In conclusion, the trained DL algorithm showed excellent performance for discrimination of glaucomatous VFD and successfully quantified SAP MD, with a strong measurement correlation and good agreement. Moreover, it showed a potential for complementation of VF assessment and detection of glaucoma progression. With further training in a larger dataset, it could provide useful information for VF loss in cases where VF test results are unreliable due to a lack of patient concentration or other reasons.

Methods

The present research followed the tenets of the Declaration of Helsinki, the study protocol having been approved by the local ethical committee of Seoul National University Hospital. Informed consent was waived by the Seoul National University Hospital (SNUH) Institutional Review Board due to the retrospective nature of the study.

Subjects

The subjects for the training/validation set were chosen from Seoul National University Hospital (SNUH)’s Glaucoma Clinic database representative of the years 2009 to 2018. To evaluate the robustness of the DL model, an external test set was recruited from the Gangnam Eye Study, an ongoing cohort study conducted at the Gangnam Healthcare Center (GHC) at Seoul National University Hospital. All of the subjects underwent common ophthalmologic examinations, including best-corrected visual acuity measurement, refraction, intraocular pressure (IOP) measurement by Goldmann applanation tonometry, corneal pachymetry (Pocket II Pachymeter Echo Graph; Quantel Medical, Clermont-Ferrand, France), slit-lamp biomicroscopy, gonioscopy, and dilated stereoscopic optic disc examination31. They additionally underwent stereo optic disc photography, red-free RNFL photography (SNUH: Vx-10a; Kowa Optimed Inc., Tokyo, Japan or Visucam 524; Carl Zeiss Meditec, Dublic, CA, USA; Gangnam Eye Study: EOD D060; Canon Inc., Utsunomiya, Japan), as well as SAP using the Swedish interactive threshold algorithm according to the central 30–2 or 24–2 standard program (Humphrey Field Analyzer II; Carl Zeiss Meditec, Dublin, CA, USA)32.

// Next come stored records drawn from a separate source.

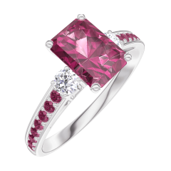 Anello Oro bianco 18 carati - Rubino Rettangolo 0.7 Carati - Pietre laterali Diamante - Incastonatura Rubino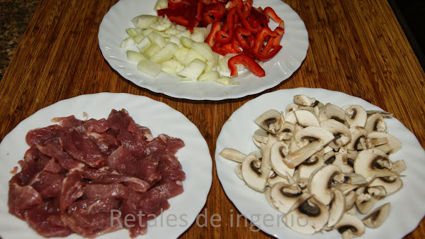 Esta es otra manera de comer carne, en este caso unos filetes de carne magra, sin necesidad de recurrir al simple filete a la plancha por el echo de hacerlo más ligero. Todos sabemos lo aburrido que a veces resulta comer carne a la plancha sin más, en las dietas de adelgazamiento y por ello he querido enseñaros esta idea, que no es ni mas ni menos que cortar en tiras finas el filete que normalmente nos comeríamos a la plancha y complementarlo con verduras salteadas y un aliño ligero sin grasa.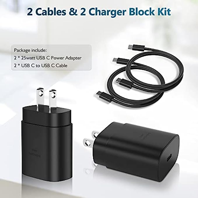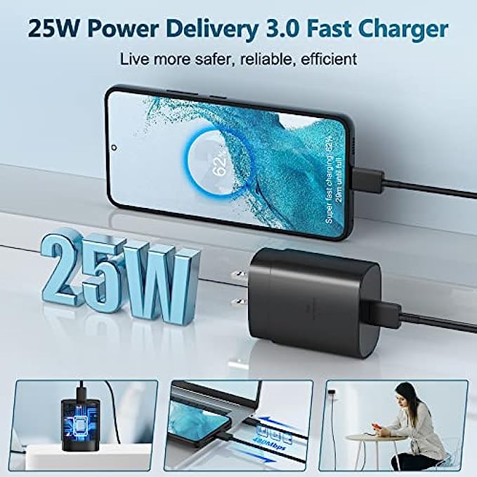 USB C Charger, 25W Super Fast Charger Type C Wall Charger Block with 5ft Android Phone Charger Cable for Samsung Galaxy S22/S22 Ultra/S22+/S21/S21 Ultra/S21+/S20/Note 10/Note 20/Z Fold3/Z Flip3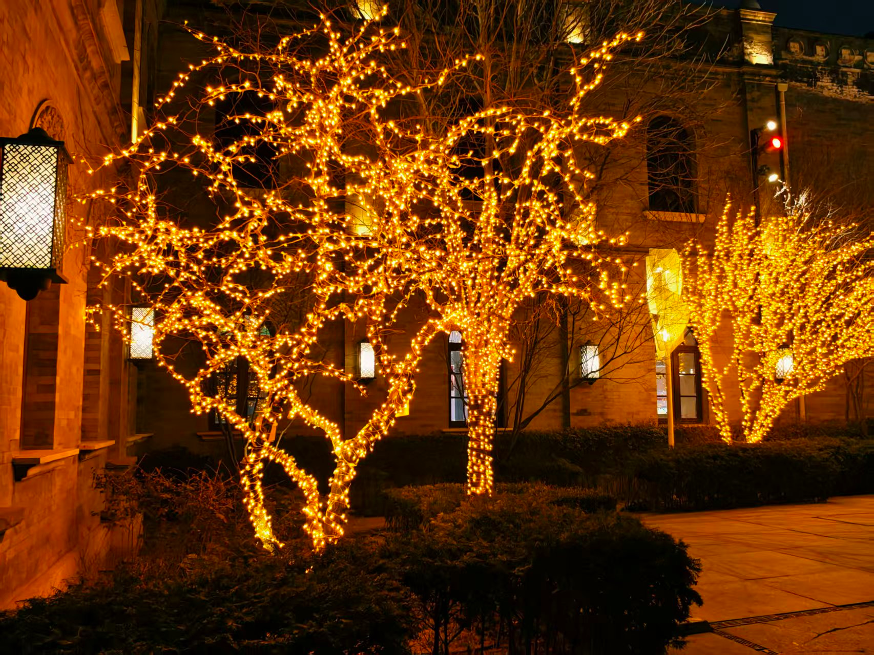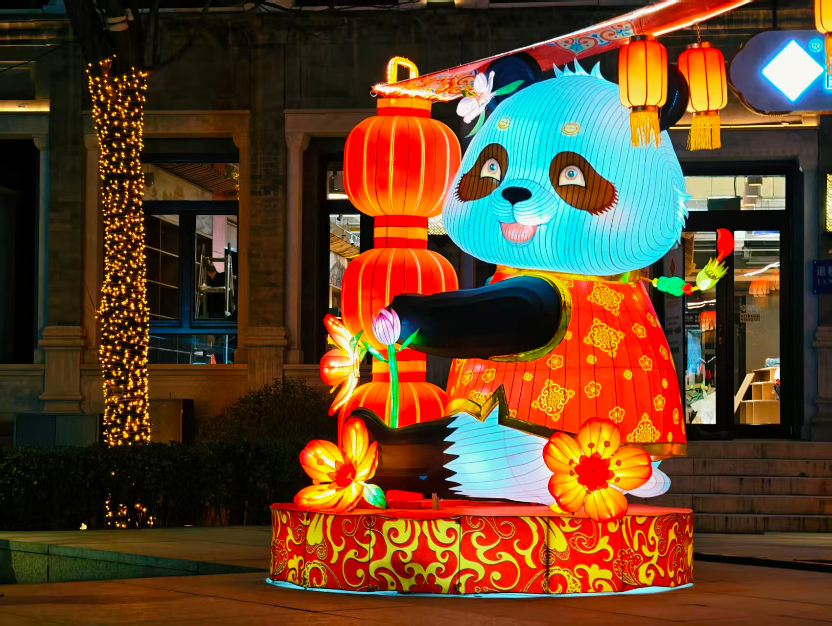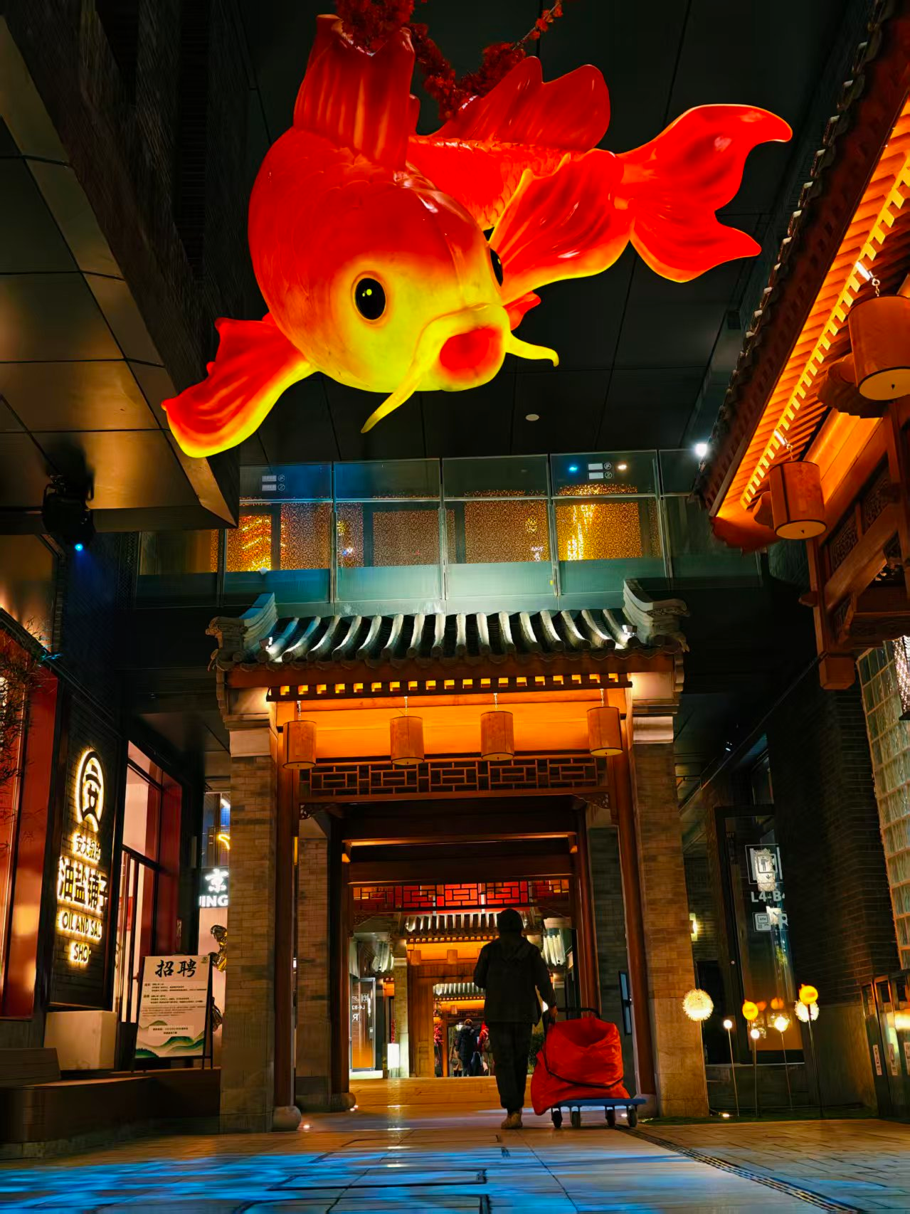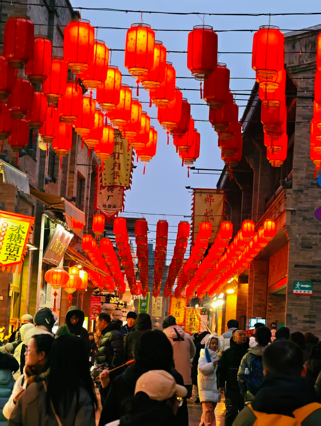 前门步行街灯光璀璨,节日氛围拉满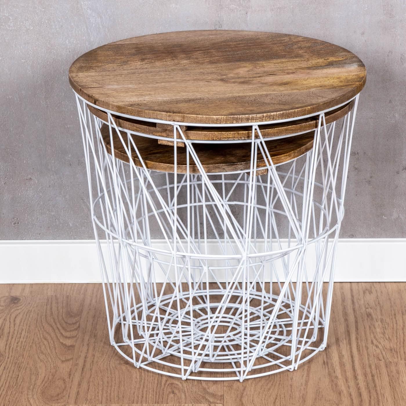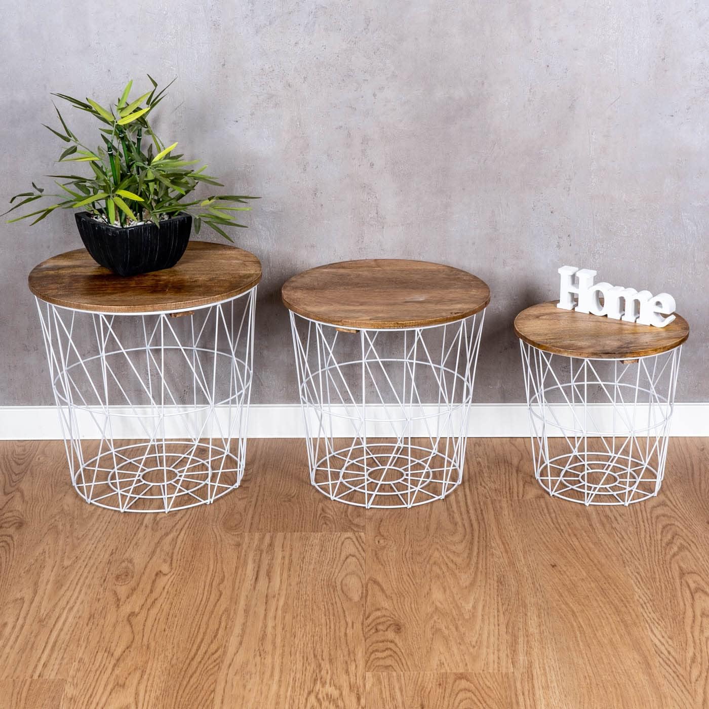 - Drahtkörbe in der Farbe Weiss mit naturfarbenem Deckel

The inclusion criteria were as follows: age between 20 and 80, best corrected visual acuity of ≥ 20/40, no history or evidence of retinal diseases (diabetic retinopathy, macular degeneration, retinal detachment, epiretinal membrane) or nonglaucomatous optic nerve diseases, and no history of treatment that might cause retinal or optic nerve damage (i.e., chloroquine, ethambutol), laser therapy, or ocular surgery except uncomplicated cataract surgery. Individuals with high myopia (AL ≥ 27.50 mm) or severe media opacity that would significantly obscure ODPs or affect the VF test results were excluded.

Diagnosis of glaucoma

Diagnosis of glaucoma was based on the presence of glaucomatous VF loss on SAP, which was defined as a pattern standard deviation (PSD) < 5% or glaucoma hemifield test (GHT) results outside the normal limits, and on the presence of glaucomatous optic disc cupping (i.e. neuroretinal rim thinning, notching, excavation) or RNFL defect. VF defects had to be repeatable on at least 2 consecutive tests. Visual fields were excluded if they had more than 20% fixation losses or more than 15% false-positive or false-negative errors. The control subjects had an IOP ≤ 21 mmHg with no history of increased IOP, no glaucomatous disc appearance or RNFL defect, and a normal VF on SAP. The glaucomatous change of the optic disc and that of the RNFL were assessed by three certified glaucoma specialists each with over 8 years of experience (Y.K.K., J.W.J., and K.H.P.) who were masked to all other information on the eyes. The enrolled eyes were diagnosed as glaucoma only if the patterns of visual field defect correlated with glaucomatous structural defect. If the opinions on the diagnosis of glaucoma differed, the pertinent eyes were excluded from further analysis.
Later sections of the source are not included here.